Populisme … non populaire

Dans sa tête, plus cubique que jamais, il voulait un discours vrai. Une phraséologie qui emportera la conviction, loin de la langue de bois qu’il utilise pour commenter l’action gouvernementale ; même si, dans son for intérieur, il doit en avoir à dire. Comment parler sans être opaque? C’est ainsi que la gueulante «biliki» a fait le buzz.

Un buzz contre celui qui prenait la défense du parlementaire avec des arguments qu’il voulait non populistes ; alors que la chaleur communicative aidant, son discours fût un ratage par les mots utilisés, la harangue exprimée et les preuves avancées. Il croyait qu’il s’adressait à ses ouailles bien dressées alors que l’ensemble de la population allait l’entendre.

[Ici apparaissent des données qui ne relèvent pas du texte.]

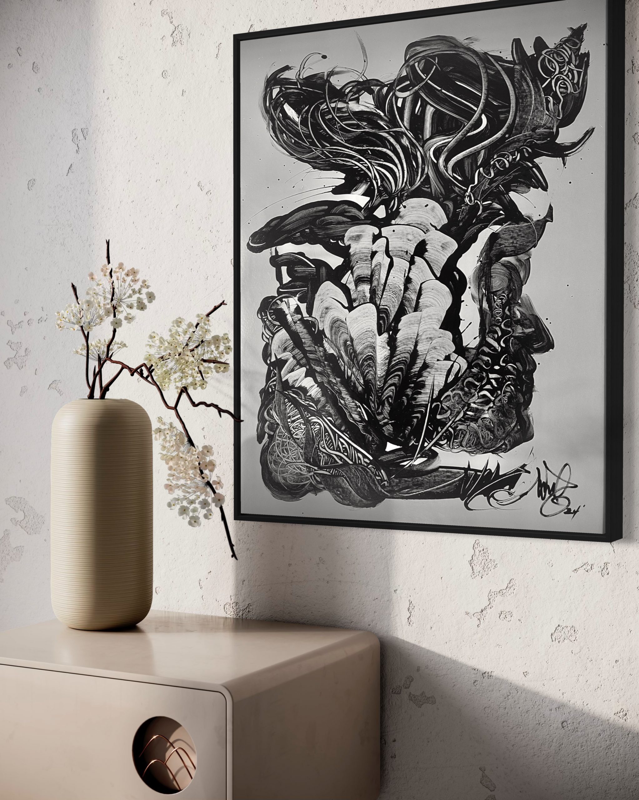 This striking black-and-white abstract piece commands attention with its bold, dynamic strokes and intricate circular patterns, evoking the motion and precision of a futuristic spacecraft in flight. The sharp, angular forms suggest propulsion and movement, while the layered textures and sweeping arcs create a sense of controlled chaos, like an otherworldly vessel cutting through space and time. A fusion of structure and spontaneity, this artwork blends raw energy with calculated design, making it a powerful statement piece in a modern, minimalist setting.
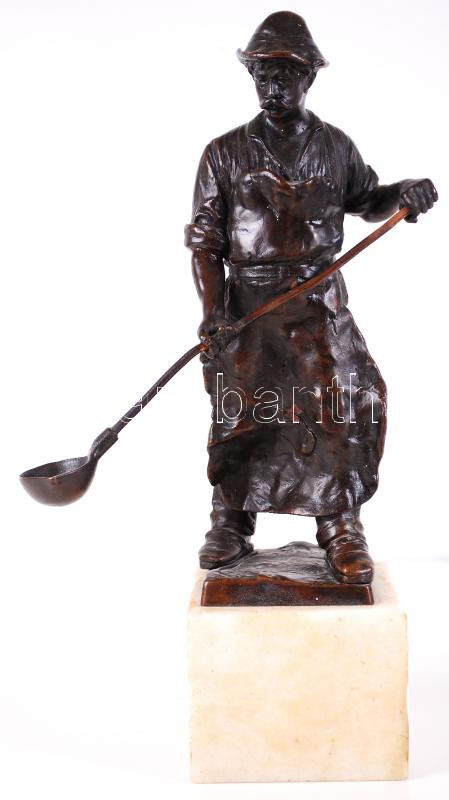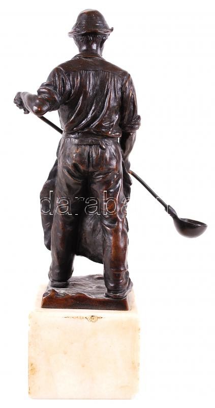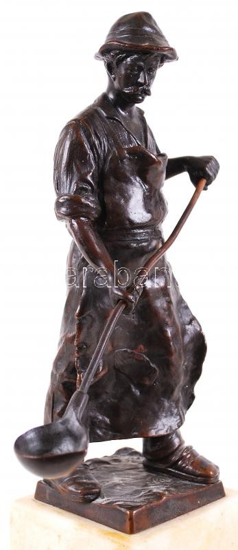 Öntödei munkás. Bronzírózott spiáter, jelzés nélkül, alabástrom talapz...

Argotant pour bien se faire comprendre, il montrait combien il méprisait ce peuple qui ne veut plus de ce genre de politique. Se prenant pour le seul compétent pour dire les choses telles qu’elles devraient l’être à son sens, il use d’un faux savoir en gesticulant et en citant, à tout va pour «noyer le poisson», une série de fonctionnaires de l’Etat. L’amalgame est ainsi patent en confondant indemnités et appointements. Il aurait été bien plus inspiré en parlant des inégalités salariales qui sont enregistrées aussi bien dans la fonction publique que dans le privé.

Evitant de le dire de go, le faiseur malheureux de buzz envoie ses critiques d’une manière indirecte, sans la nommer, à la Commission Spéciale sur le modèle de développement pour avoir audité certains usagers des réseaux sociaux, blogueurs et/ou influenceurs. Méprise sur la gestion anticipée de la comm. de la CSMD et méprise sur ce nouveau lien social dont l’audience ne cesse d’augmenter et dont certaines cohortes FM ne cessent de monter au créneau quand il s’agit de défendre l’ordre qui plait au parlementaire cumulateur de mandats et d’indemnités.

Le cumul des indemnités est un véritable problème, comme celui des cumuls des mandats. On ne peut dépasser ni l’un ni l’autre en arguant que d’autres vaquent à leur travail pour gagner leur pain alors que l’intéressé n’a que cela pour subvenir à ses besoins. Quelle valeur de la représentativité d’un parlementaire donne-t-il quand il est assimilé à un apparatchik professionnel de la politique ? Un mandat électoral est différend d’un contrat de travail serait-il à durée déterminée. Bien mal acquis ne profite jamais!

Et que vient faire ce comportement où la générosité du loup est en question. Les lycanthropes sont-ils à Rabat, à Fès, à Casablanca, à Marrakech … et hurlent-ils pour étouffer la transformation démocratique de la société ? Se gorgeant de la rente, ils oublient leur créateur!

A quelques jours du tollé précédent un autre discours est venu nous prendre l’ouïe. Concernant la loi des finances projetée, il est plus savant et veut se raccrocher aux faits conséquents de la crise sanitaire. Il use, à raison, et abuse, à tort, de la solidarité nationale sans se soucier de la réalité fiscale inégalitaire que subit la population. Evitant le populisme par son approche, Il est non populaire par ses propositions qui relèvent du «réchauffé» de classe. On retorquera qu’il ne cherche pas à l’être. C’est son incommensurable défaut alors qu’il en a l’occasion de l’être en traduisant la volonté royale «d’œuvrer concomitamment, à la stimulation de l’activité économique et au renforcement de la protection sociale».

Ce gouvernement ne peut donner ce qu’il ne possède pas, redonner confiance, consolider la cohésion sociale, mobiliser et insuffler l’enthousiasme…

Le désordre économique ne peut être résorbé en aggravant la pesanteur du quotidien sur les ménages des salariés et des fonctionnaires soumis au prélèvement à la source. Il ne s’agit plus de solidarité quand il s’agit de faire supporter le fardeau par ceux qui sont déjà accablés par l’injustice fiscale; alors qu’il est allégé pour ceux qui engrangent depuis longtemps des bénéfices fort confortables; et parfois d’une manière contestée. Non populaire et procédant d’une continuité fiscale obsolète, cette mesure inique ne cadre pas avec la volonté de réforme maintes fois affirmée à ce sujet.

Le populisme tue la politique, autant que les mesures non populaires. Notre beau pays mérite mieux que subir un buzz «biliki» par un «dibchkhi» tenant du populisme, et que ses classes laborieuses se fassent user par une mesure non populaire.